Mark Bradford

(EUA, 1961)

Proposal

Related Material

Mark Bradford’s project, Maleteros (Porters), was an exercise in empowering and making visible an informal labor community. Through an extended process of dialogue and exchange, Bradford worked with a group of unofficial porters—who have been offering their services at various access points at the US-Mexico border for more than two decades—to co-create a visual “porter identity.” Through the supply of customized equipment, the informal branding of key work areas, and the provision of a temporary work space, Bradford provided the maleteros with a platform from which to negotiate their social representation and public visibility.
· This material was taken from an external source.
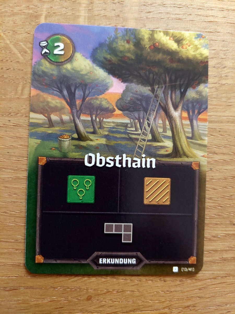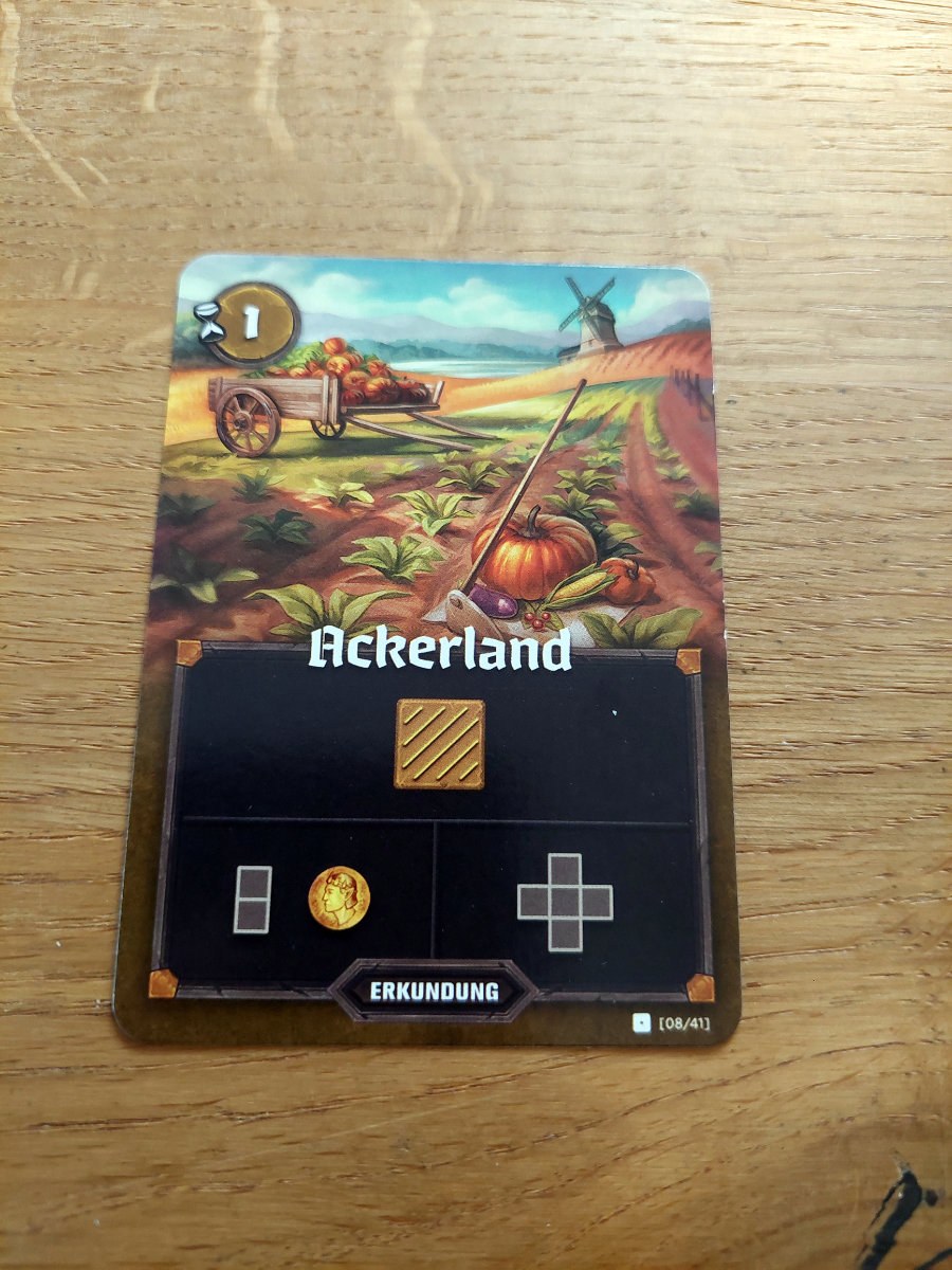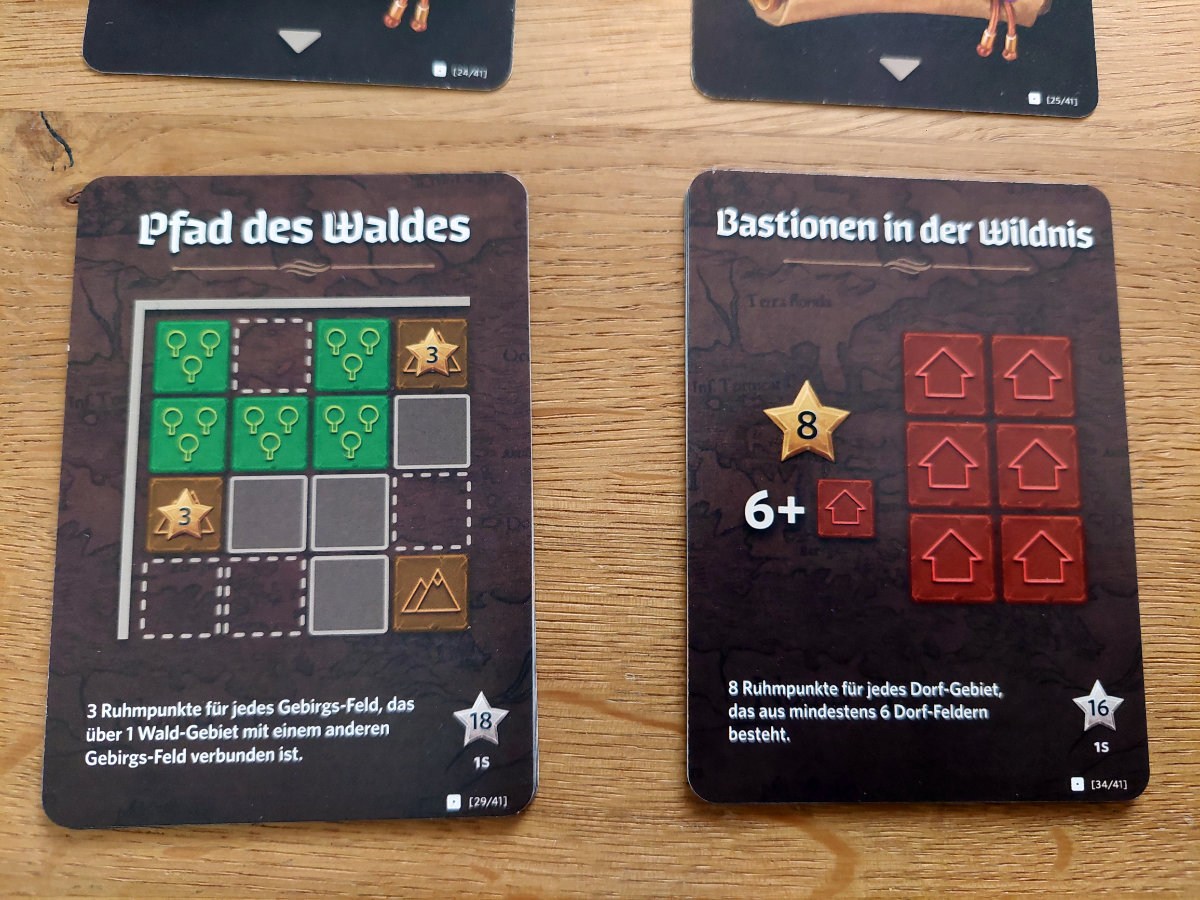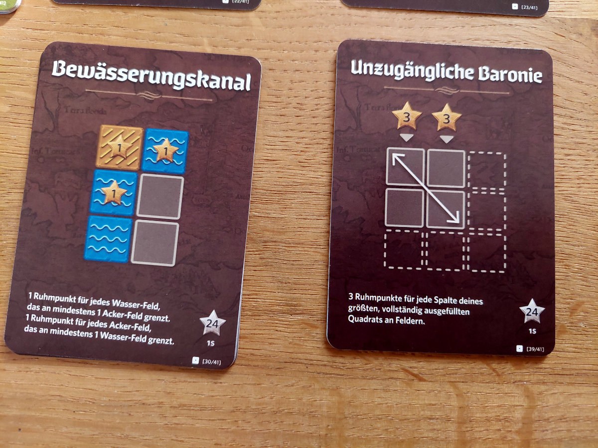 Pro Zug wird eine Karte aufgedeckt, die ein bis zwei Landschaftstypen und/oder ein bis zwei Landschaftsformen (Tetris^^) anzeigt. Diese muss dann eingezeichnet werden, indem man sich für eine Form entscheidet und sie mit einem der Landschaftstypen „füllt“. Gelegentlich gibt es auch 1er-Feld-Formen, die dann eine Münze mit einbringen und Ruinen-Karten, die eine weitere gezogene Karte erwarten und deren Form muss dann über eine der vorgedruckten Ruinenfelder gezeichnet werden.

By revealing the existence of underground communities that carve out social spaces at the border and ease the cross-border flow of goods and people, Bradford sought to disrupt the familiar reading of the San Ysidro Port of Entry as a highly formal site, replete with mechanisms of control and surveillance. Instead of tracking a vertical trajectory between the cities of San Diego and Tijuana, Bradford mapped the intricate relationships of informal economic exchanges that routinely penetrate and circulate around the border.

Longstanding differences between various maleteros groups came to the surface during the process—in particular, between those who had a measure of official recognition and those who did not. However, individual maleteros continued to discuss ways in which to continue the project, hoping to secure a degree of solidarity in order to defend their work at the border, underline its importance, and work towards a unified maleteros presence.